WATERVILLE, Maine — In his apartment overlooking the Kennebec River, Mike Seamans had his TV tuned to CNN and its coverage of the Russian invasion of Ukraine. One might think he’d seen enough of the grief and heartbreak in that country after spending four weeks in April there and in neighboring Moldova, covering the plight of some of the millions of Ukrainians — a staggering one-quarter of the population —  who’ve been driven from their homes.

As an award-winning photojournalist, Seamans is no stranger to human suffering. In Ukraine, his job was to tell the stories of the displaced and capture the emotions of women and children saying goodbye to husbands, fathers and sons, unsure of whether they would ever see one another again.

For Seamans, the most wrenching aspect of the job was not actually shooting the photos. 
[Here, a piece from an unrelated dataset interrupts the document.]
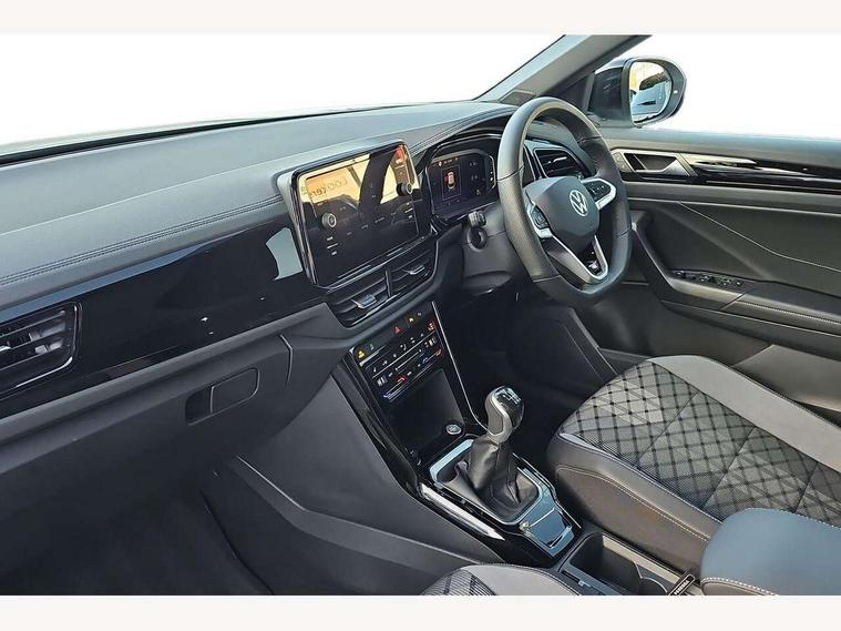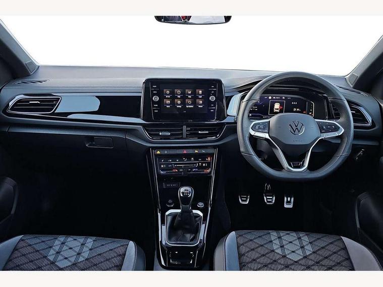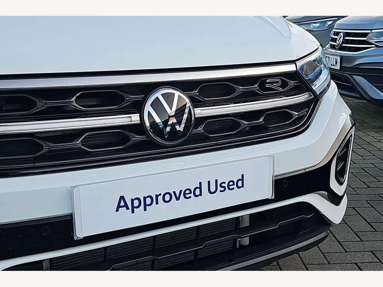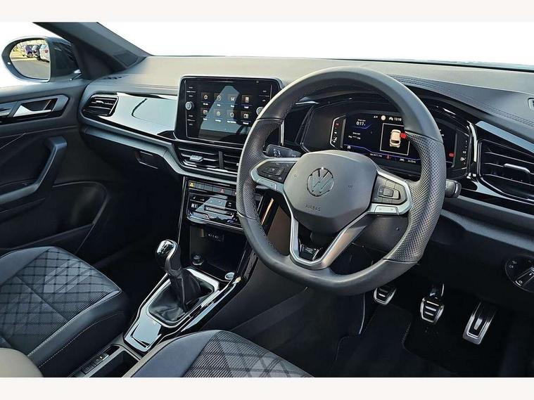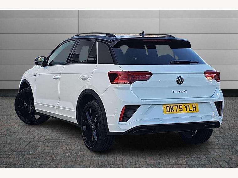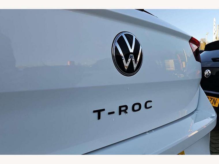 10.25" Digital cockpit pro, Advanced driver attention and drowsiness monitor, Emergency call service, Lane keeping system Lane Assist, Mobile phone interface, Modified key software - reduce switch off time for key status change to Long no motion, Online services, Park assist including front and rear parking sensors, Power assisted speed sensitive steering, Rear view camera, Service interval indicator, Tailgate/trunk lid release from outside, Think blue trainer driver tips and journey analysis, Warning sound and light for front seatbelts unfastened, Wireless app connect, Battery regeneration during braking, Start/stop function with battery regeneration, DAB Digital radio, Diversity antenna for FM reception, Music playback - MP3, WMA and AAC files, Premium USB cable in choice of either Apple or Android smartphone compatibility, SD card slot, Simultaneous pairing of 2 compatible mobile devices, Title and cover art display, We Connect and We Connect Plus functionality, Advanced dynamic light assist for LED matrix headlights, Auto dimming interior rear view mirror, Automatic hazard lights activation under emergency braking, Black roof rails, Dynamic cornering light, Dynamic headlight range control with self adjusting whilst driving, Electrically adjustable and heated door mirrors, Extended roof spoiler, Exterior ambient lighting, Exterior mirrors aspherical on driver side, convex on front passenger side, External USB type C socket and charging sockets, Front windscreen wiper with intermittent wipe and 4 position delay, Heated rear window, Illuminated front grille, IQ LED matrix headlights, LED 3rd brake light, LED rear number plate lights, LED rear tail lights with dynamic turn signal, LED separate daytime running light, Light mode for poor weather, rain, fog or snow, Power windows with comfort operation and circuit breaker, Privacy glass for rear side windows and rear window, R-Line design body coloured bumpers, Rain sensor, Rear exhaust tailpipe, Rear fog light on one side and reversing lights on both sides, Rear side wing doors, Rear wash/wipe with intermittent wipe setting, Remote electrically foldable door mirrors, puddle lights and reverse activated passenger's door mirror, Tilting and sliding panoramic sunroof with rear panoramic sunroof, 12V power socket in centre console, 3 rear head restraints, 3 seat bench in 2nd row, 4 load lashing points in luggage compartment, Air care climatronic air conditoning system with active combination filter and 2-zone temperature control, Chrome plated radiator grille inserts, air vent surrounds and light switch surrounds, Door and side trim panel with leatherette insert, Front + rear carpet mats, Front centre armrest, Front cupholders x 2, Front footwell illumination, Front reading light, Front scuff plates with R Line logo, Front seat back storage pockets, Glove compartment door with light, Instrument lighting, white adjustable panel illumination, Interior ambient lighting and surround lighting, Interior light delay, Isofix child seat preparation, Leather gearshift handle, Load-through provision with cup holder when folded down ('Unsplit rear seat bench, split folding backrest, with centre armrest), Luggage compartment lighting, Single front passenger seat, Stainless steel pedals, Storage compartment in left and right luggage area, Storage compartment in rear doors, Storage compartments in driver and front passenger doors, Sunvisors with illuminated vanity mirrors, Variable boot floor, height adjustable and removable, Black design pack - T-Roc black edition plus, Easy open package with safelock - T-Roc, 3 point height adj front seatbelts + pretensioners, 3 point seatbelts in outer rear with ECE label, ABS, Child locks on rear doors, City emergency braking and pedestrian monitoring, Driver and front passenger airbag with front passenger airbag deactivation, Driver and front passenger safety-optimised head restraints, Drivers seatbelt reminder, Electronic parking brake, Electronic Stability Control (ESC) inc EDL (Electronic Differential Lock) and ASR (Traction Control), Front and rear passengers curtain airbag system including front side airbags, Hill start assist, Predictive pedestrian protection, Rear disc brakes, Two tone horn, Tyre pressure loss indicator, Volkswagen roadside assistance, Keyless locking and starting system keyless access with safelock, Gloss deep iron dash trim, 19" Misano alloy wheels with low rolling resistance and anti theft wheel bolts, Tool kit, Trims for alloy wheels, Tyre mobility kit including compressor and sealing foam,

“The hard part was having to download [them] and then look at [them] again, go through which pictures to file, caption them,” he said. “That was the painful process.”

Back in his hotel room at the end of the day, looking over the photos he’d taken and reflecting on the misery he’d seen, his own emotions would finally come out. 
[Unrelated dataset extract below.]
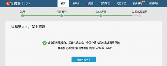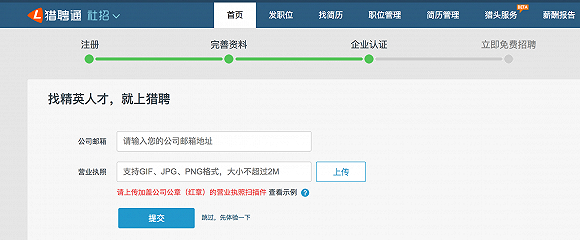在猎聘网上,记者并没有找到任何用户指南或者说明,记者直接以HR的身份注册,发现注册过程是需要提交企业邮箱,以及营业执照,等待审核。

“And they would hit hard,” he said. “I mean, I would have to close the computer at times because the emotions would take over.”
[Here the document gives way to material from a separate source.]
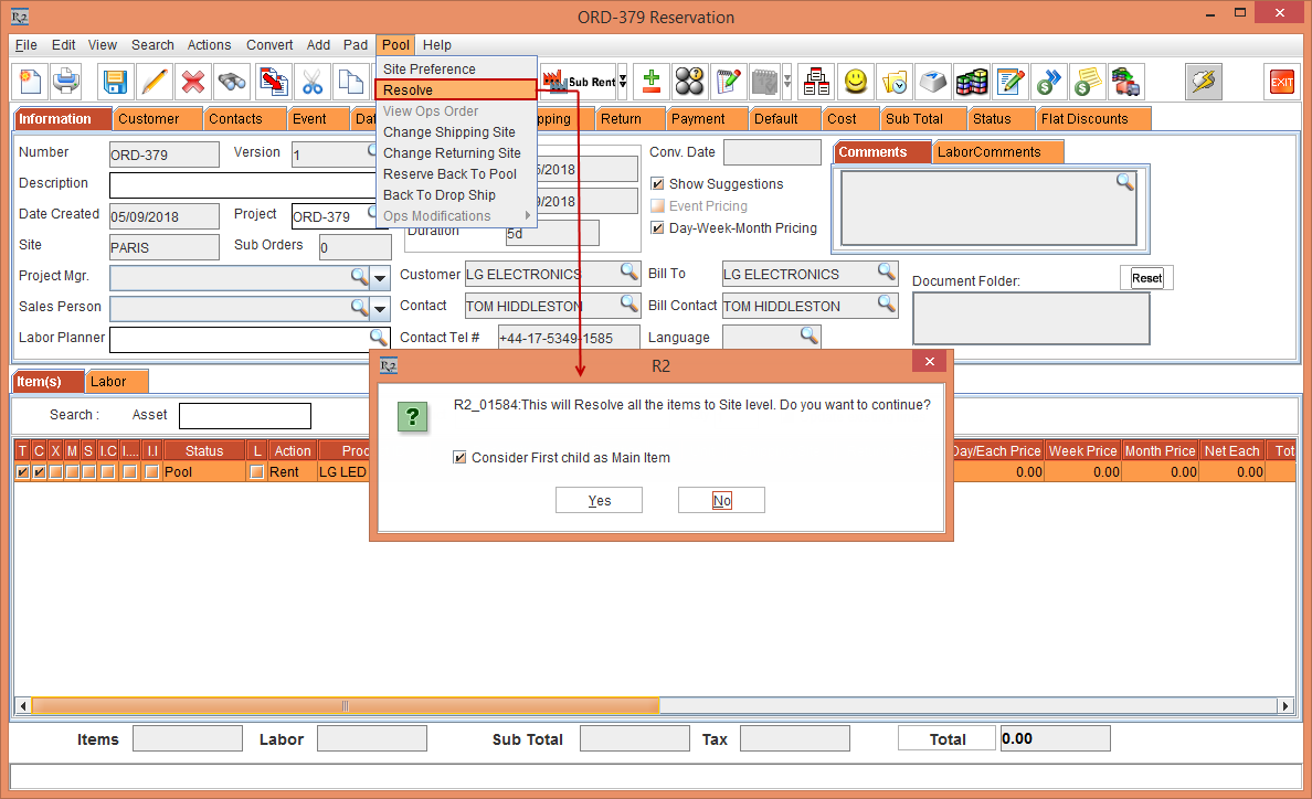 1. In the Rental Reservation Order [ORD-379], select the Item line [LG LED] with 30 Qty and select the Pool menu > Resolve option.

The Pulitzer Center on Crisis Reporting provided the financial support for Seamans, a longtime staff photographer with the Central Maine Morning Sentinel newspaper, to take on the Ukraine assignment. He is grateful to the center and USA Today, which published his photos.

Perhaps no organization has impressed him more, though, than Team Humanity, a nonprofit on the ground in Ukraine and Moldova providing essential goods and services to refugees, most of whom are women and children. Of Team Humanity’s work, Seamans said simply: “It’s heroic.”